● Aim of the task
Only an exact repetition of the lines from the one holding "Tapco 166-00029 T2 Rural Mailbox, Black" to the end of the data is wanted, with pictures left out.

● Data
+===+

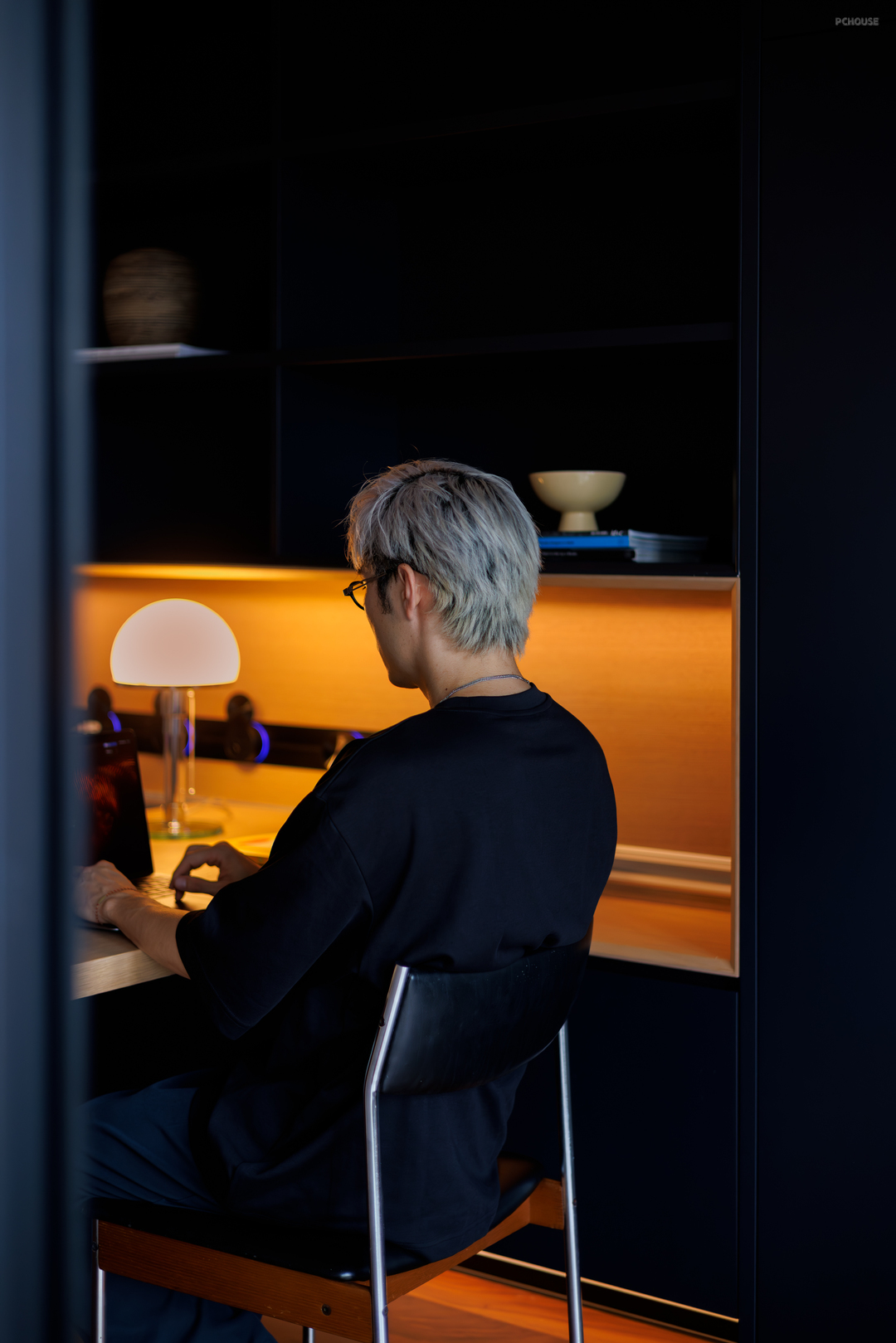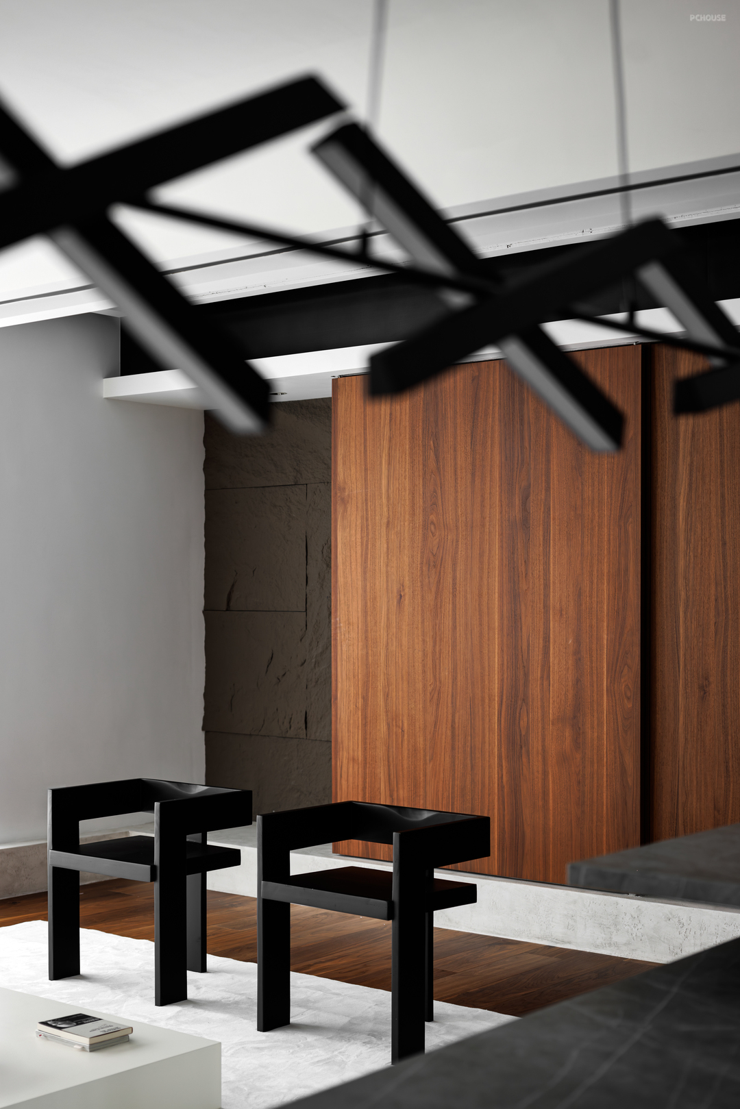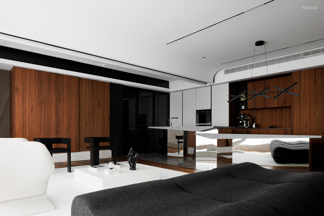 而深邃的胡桃木全屋又将这个锐不可当的气场拉回到一个安稳的境界,让人觉得所有想象可以放开天际又妥当落地。
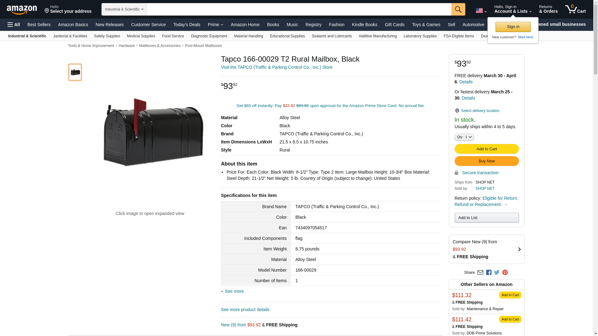 Tapco 166-00029 T2 Rural Mailbox, Black
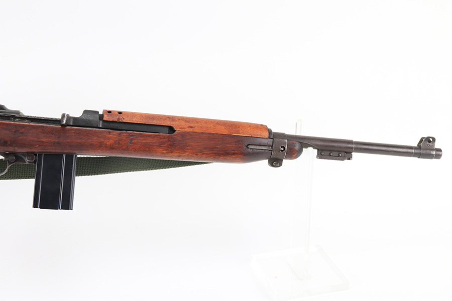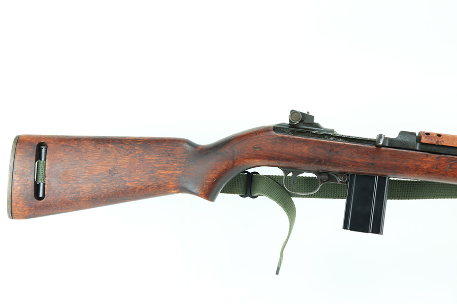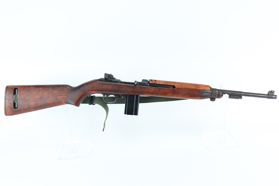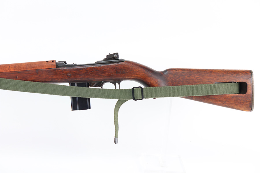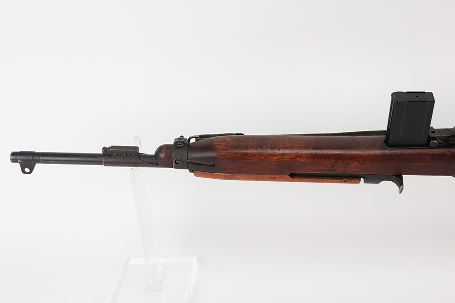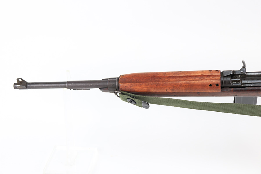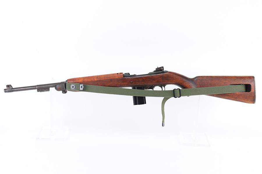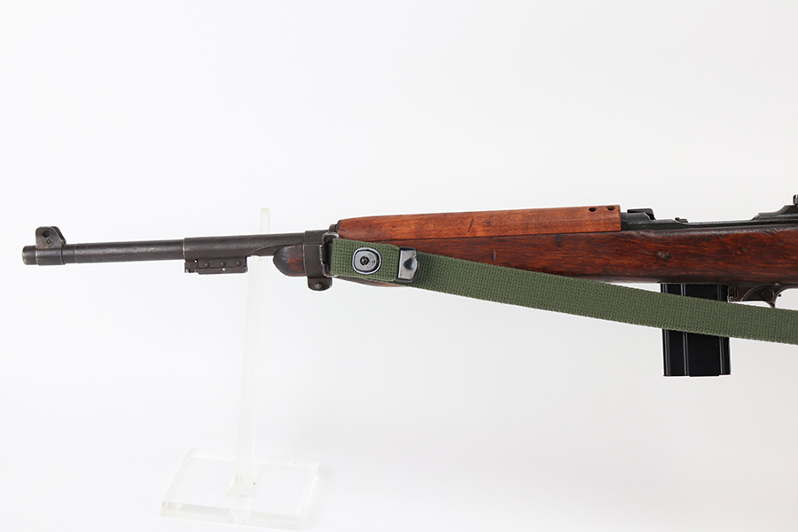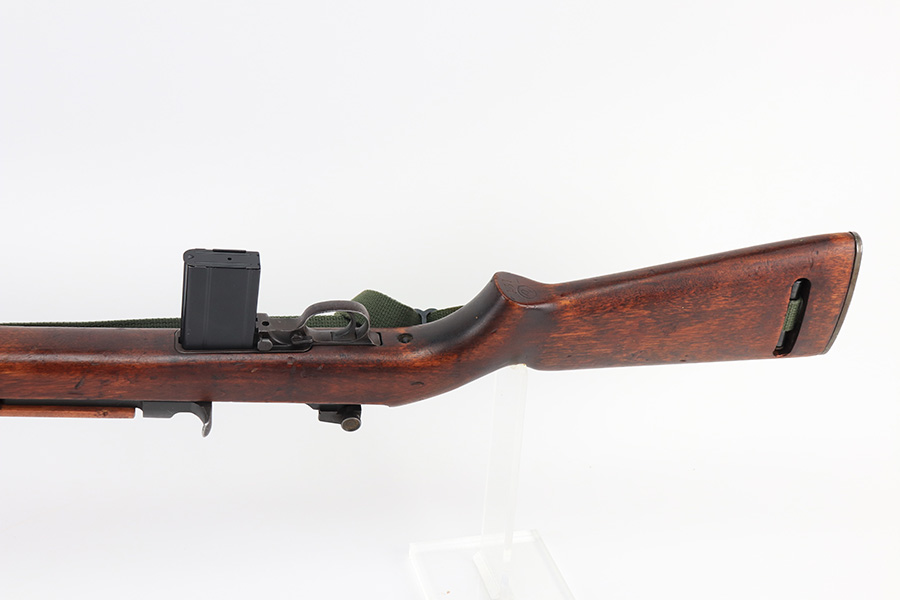 12/28/21 – This is a very nice example of an IBM M1 Carbine issued to the US military in January of 1944. A complete list of the parts and their markings is included in the photos. The gun comes with a post-war magazine, oiler, and a post-war green canvas sling. A bayonet lug and adjustable rear sight have been added, likely for use during the Korean War. Import mark on the underside of the barrel. There is a “BA CAB” marking on the stock, indicating it was reworked at an arsenal after WW2. The stock also has a “P” proof on the wrist and a military cross-canon cartouche on the right side of the stock. Flaming bomb on the barrel. Overall, the gun is in very nice condition. There is minor wear around the muzzle and high edges in general. Some light scratches and light brown patina along the barrel. The stock is very nice with minor dings and dents here and there. Hairline crack in the stock just behind the recoil plate that does not appear to affect the integrity of the stock. The bore is mint. Note: The slide locks back automatically with this magazine.

+===+

● Solution for this problem
 Tapco 166-00029 T2 Rural Mailbox, Black
 12/28/21 – This is a very nice example of an IBM M1 Carbine issued to the US military in January of 1944. A complete list of the parts and their markings is included in the photos. The gun comes with a post-war magazine, oiler, and a post-war green canvas sling. A bayonet lug and adjustable rear sight have been added, likely for use during the Korean War. Import mark on the underside of the barrel. There is a “BA CAB” marking on the stock, indicating it was reworked at an arsenal after WW2. The stock also has a “P” proof on the wrist and a military cross-canon cartouche on the right side of the stock. Flaming bomb on the barrel. Overall, the gun is in very nice condition. There is minor wear around the muzzle and high edges in general. Some light scratches and light brown patina along the barrel. The stock is very nice with minor dings and dents here and there. Hairline crack in the stock just behind the recoil plate that does not appear to affect the integrity of the stock. The bore is mint. Note: The slide locks back automatically with this magazine.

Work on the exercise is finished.